Twenty-one young (23.7 ± 1.2 years old, 8 males and 13 females) healthy subjects recruited from students in the South China Normal University participated in the experiments. They were all right-handed and had no history of any neurological disease. During the DCS measurement, 10-min spontaneous activity was recorded from the bilateral prefrontal cortex on each subject. The integration time for g₂ (τ) was 2 seconds, while the temporal resolution for the light intensity was 0.105 second. On each hemisphere 4 channels (each channel consists of a pair of source and detector) were positioned over the dorsolateral prefrontal cortex (DLPFC), as shown in Fig. 2. The illumination power at the output ends of the two source fibers were kept consistent at 75 mw. To ensure the power density on the scalp was below the safety limit (e.g., 4 mw/mm²), the fiber ends did not contact directly to the skin, but were kept a distance of 6 mm from the skin surface. The international 10/20 system was referenced for locating the optodes (source or detection fibers). The measurements were performed in a dark and quiet room. During the measurement, subjects seated in a comfortable chair, closed their eyes. They were instructed to do nothing, avoid falling asleep, remain quiet and keep body as motionless as possible. Before the measurement, all subjects were informed about the experimental protocol, and a written consent was signed by each of them. The experimental protocol was approved by the Ethic Committee of South China Normal University.

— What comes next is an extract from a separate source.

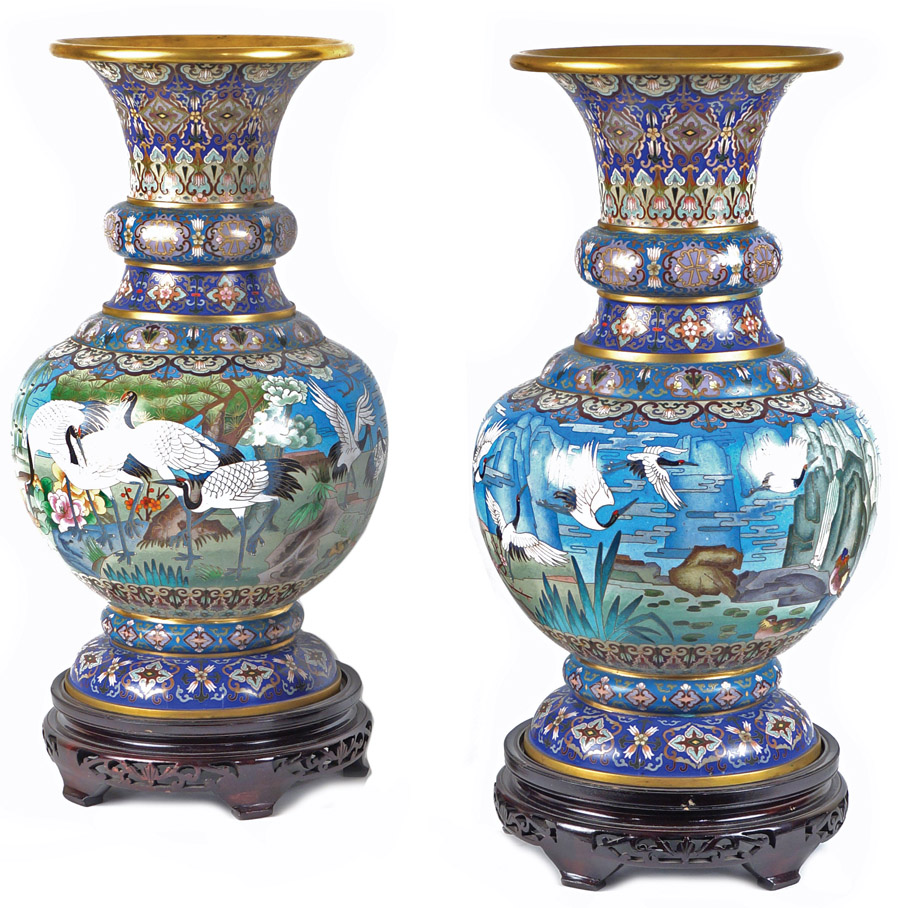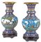 COPPIA DI VASI IN SMALTO CLOISONNE Giappone, XIX Sec. struttura in bronzo decorata a motivi vegetali e di animali, basi circolari in legno traforato h. 51 cm.

Fig. 2. Optode locations for measuring the spontaneous activity with the DCS. 4 channels located on the left and the other 4 channels on the right dorsolateral prefrontal cortex (DLPFC). One source was fixed at AF7 (left) and the other source at AF8 (right). D1-D8 indicated 1-8 detectors. The international 10/20 system was referenced for locating the optodes. The source-detector spacing was 2.71 cm.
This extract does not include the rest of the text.